Regulate or Withdraw... The Power Struggle Between Big Tech and Nations -- Are We Prepared?

Government regulation movements against global IT giants GAFA (Google, Apple, Facebook, Amazon) are accelerating worldwide. The European Union through unprecedented powerful legal mechanisms like the Digital Markets Act (DMA) and Digital Services Act (DSA) is checking GAFA monopolistic position, but Korea still vacillates between "regulate strongly" and "concerned about industry contraction." Have GAFA actually withdrawn from countries due to regulation? The EU approach: DMA targets "gatekeeper" platforms (over 75B EUR market cap, 45M EU users) with specific obligations: must allow third-party app stores; cannot preference own services in search results; must enable data portability and interoperability; cannot use personal data for targeted advertising without explicit consent.

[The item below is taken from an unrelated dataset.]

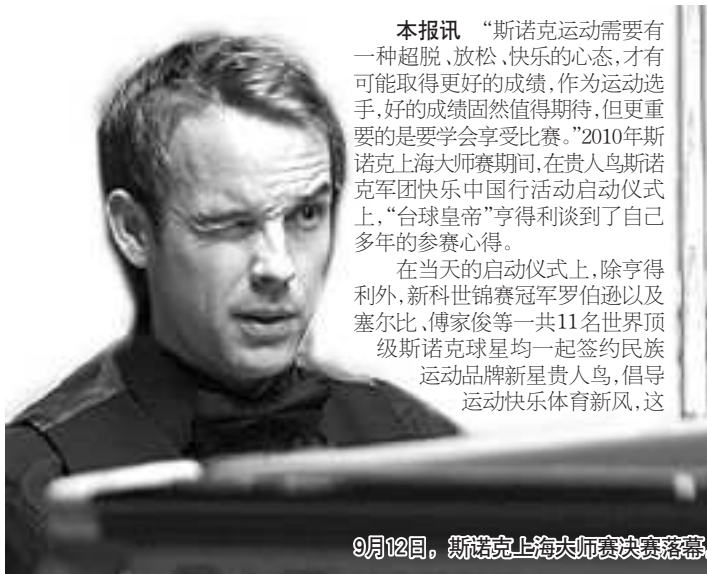
9月12日,斯诺克上海大师赛决赛落幕,卡特10:7击败伯内特,赢得冠军。图为卡特在比赛中。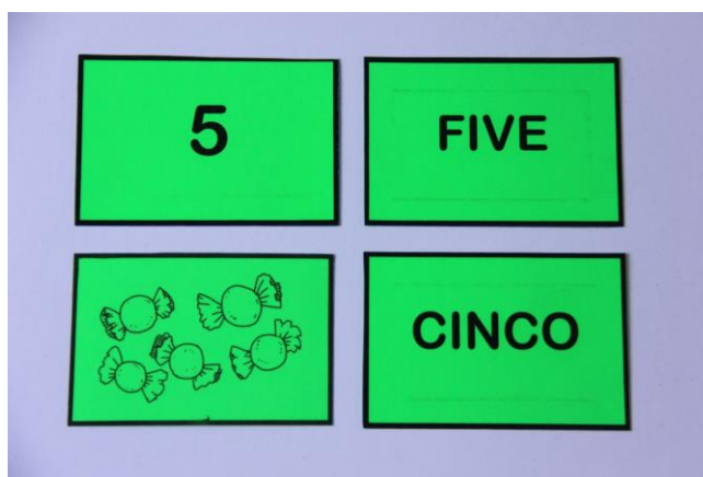
Figura 2: Cartas

Levando em consideração a dificuldade dos alunos de irem além da relação de ordem, foi discutido sobre o que é número e como representá-lo. “Números são símbolos que expressam quantidades, grandezas, posições, medidas ou códigos” (RAMOS, 2009, p. 31). Já “numerais são palavras que quantificam os elementos, ou indicam sua ordem de sucessão” (RAMOS, 2009 p. 31). Então, o que os alunos da licenciatura tinham no baralho? Tomando o 5 como exemplo, tinham o número 5, representado pelo algarismo 5, os numerais “cinco” e “five”, em língua portuguesa e língua inglesa, e ainda a quantidade cinco, representada pela imagem dos bombons (Figura 2).

DSA targets illegal content removal, transparency in algorithmic recommendations, and advertising transparency. Actual withdrawal precedents: Meta briefly threatened to withdraw Facebook and Instagram from EU following data transfer restrictions (2023) -- but did not follow through; the economic cost of losing EU market access is too high; Google threatened to remove search from Australia following News Media Bargaining Code (2021) -- ultimately negotiated commercial deals with publishers; the threats are negotiating tactics, not genuine withdrawal decisions. The Korea dilemma: Korea tech industry is heavily dependent on GAFA platforms (App Store, Google Play, Google Search, Facebook advertising) for distribution and discovery; restricting GAFA could trigger retaliatory pricing or service degradation that harms Korean developers and users; Korea also has competitive domestic platforms (Naver, Kakao) with interests in GAFA restrictions; the "regulator captured by regulated industry" concern is that Korean tech policy is influenced by platforms arguing against regulation that would benefit consumers and smaller competitors.